◆ REQUIRED ACTION
Give the listing again exactly, omitting its images.

◆ INPUT DATA
=== Begin Enclosure ===

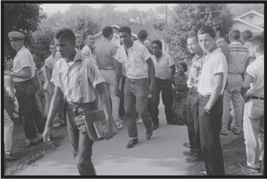
School integration, Tennessee, 1956.

an increasingly affluent and consumer-based society paved the way for the mass consumption of rock music.
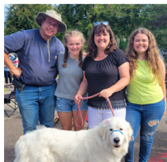
Outdoor Worship & Pet Blessing
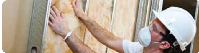
CertaPro™ Commercial Insulation

=== End Enclosure ===

◆ RESPONSE TO THIS EXERCISE
School integration, Tennessee, 1956.

an increasingly affluent and consumer-based society paved the way for the mass consumption of rock music.
Outdoor Worship & Pet Blessing
CertaPro™ Commercial Insulation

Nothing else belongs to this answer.